Here's a Drupal - Joomla shootout based on a feature matrix, lower down the page. We don't normally do this as you also need to explain the numbers, so it's not a foolproof system - it always needs the explanations. In addition you really need to compare like with like, otherwise the result can be meaningless.
 
 

PHP CMS comparison

However Drupal and Joomla are similar in many ways, so a direct comparison is much easier. Both are PHP - MySQL applications that can be used on shared hosting, and can be installed remotely. Both are in the brochure and community / news classes of CMS. Each also has at least one other area where it features strongly: Drupal for example as a multi-team teamwork CMS or a small / medium enterprise CMS, and Joomla as a multimedia publishing tool, news / magazine site, club site, or ecommerce CMS.

Best CMS for ACL
Drupal used to be far better for ACL, and also handles high page numbers better - but now Joomla has ACL, the competition has hotted up considerably. Drupal is generally a better choice for enterprise use, as it handles things like versioning better. It will also behave better when subjected to very high loads when extended.

 
Joomla scores higher on more of the other factors however, meaning if it's a straight choice, you are probably better off with Joomla for the average website. Since most CMS actually in use have between 50 and 500 pages, both are suitable; but if you will have 10k pages on the website then it has to be Drupal.
 
update
The new Joomla 1.6 version with ACL has started down the long, long road of maturing into a usable CMS (a new major version upgrade that is completely different in many respects is effectively a new CMS - no plugins or templates from the last version are compatible, things work differently, and there will be many bugs to find and remove). At version 1.6.3 it is becoming more usable day by day, as the bugs are worked out and more plugins are converted to work with the new series. There are still very few templates. The 1.6 version does of course now have ACL and things are looking up. At first glance the new ACL system looks good and works well - but we have to use it more before a genuine appraisal can be given. Drupal has always had core ACL and it can be assumed to work better at this stage of play, with Joomla only just having introduced it.

Best visual CMS
One thing that needs to be flagged up because we are talking about a visual medium when discussing websites: Joomla is the best visual CMS around. Nothing can beat it in the appearance stakes, unless you go to a full-custom CMS like Umbraco or Radiant and spend a fortune on graphic art and developers. It's quicker and easier to get a great-looking site up with Joomla than with almost any other solution (in the world of full-feature CMS) - there is a choice of thousands of templates, which can be altered and customised without too much effort if you know some CSS. With a knowledge of CSS for CMS, and some gfx tools such as a colour picker and an app that can create jpeg and png artwork such as gradients and textures, you can rebuild a template to make it unique - and more easily than with any other popular template-based CMS.

 
Be aware, though, that this description applies in the main to the outgoing version of Joomla, v1.5, since the new 1.6 version has very few templates as yet. This is a major handicap at this point in time because one thing Joomla majors on is the visuals - and with few templates at Q2 2011, there are some drawbacks.
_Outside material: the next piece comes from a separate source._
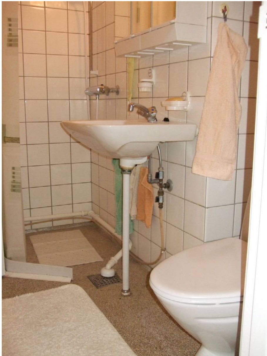
Figur 15. Sjælør Boulevard – 1970.

In contrast, Drupal templating doesn't win any prizes. The free templates available aren't great and there isn't a big choice in commercial ones. Modifying them is hard and you come up against issues like different template engines in different Drupal versions (which is the same as many CMS including J of course).

 
This statement probably needs some explanation. Drupal users are spread across v5, v6, and the fairly new v7. Most resources, including templates, are for v6. The v7 templates are neither numerous nor impressive. Joomla users are spread across v1.0, v1.5, and the new v1.6. Joomla 1.0, like Drupal 5, is now dead - although in many cases sites using them will never need to be upgraded as those sites function well and need no more development. There are some minor security issues in some cases, with these old versions, that need to be attended to by an expert, not the average webmaster.
 
As you can see, most resources are clearly available for Drupal 6 and Joomla 1.5, putting these versions more or less in the same boat: well supported but now inevitably on the way out, as new versions have supplanted them. Drupal 7 is slightly older than Joomla 1.6 and therefore better supported at this time (Q2 2011), but as the Joomla machine is much bigger, that situation will have changed by about Q4 2011.
 
Templates: the situation is quite similar for Drupal 7 and Joomla 1.6 at the moment - to be honest, not great. Drupal probably leads just now. By Q4 that will have changed and Joomla will be back in the lead.

Best CMS for ease of use
The best of all in terms of admin usability is WordPress, but of course it's a micro-cms and not a full solution. For fast, simple web publishing it's just about unbeatable but a full CMS does many other things. The easiest full-feature CMS for the end-user* (the site owner or webmaster) is Joomla - the admin usability is unbeatable. Drupal is not so good, and becomes much trickier to manage when any kind of ACL is used, as that always obfuscates things to a certain degree.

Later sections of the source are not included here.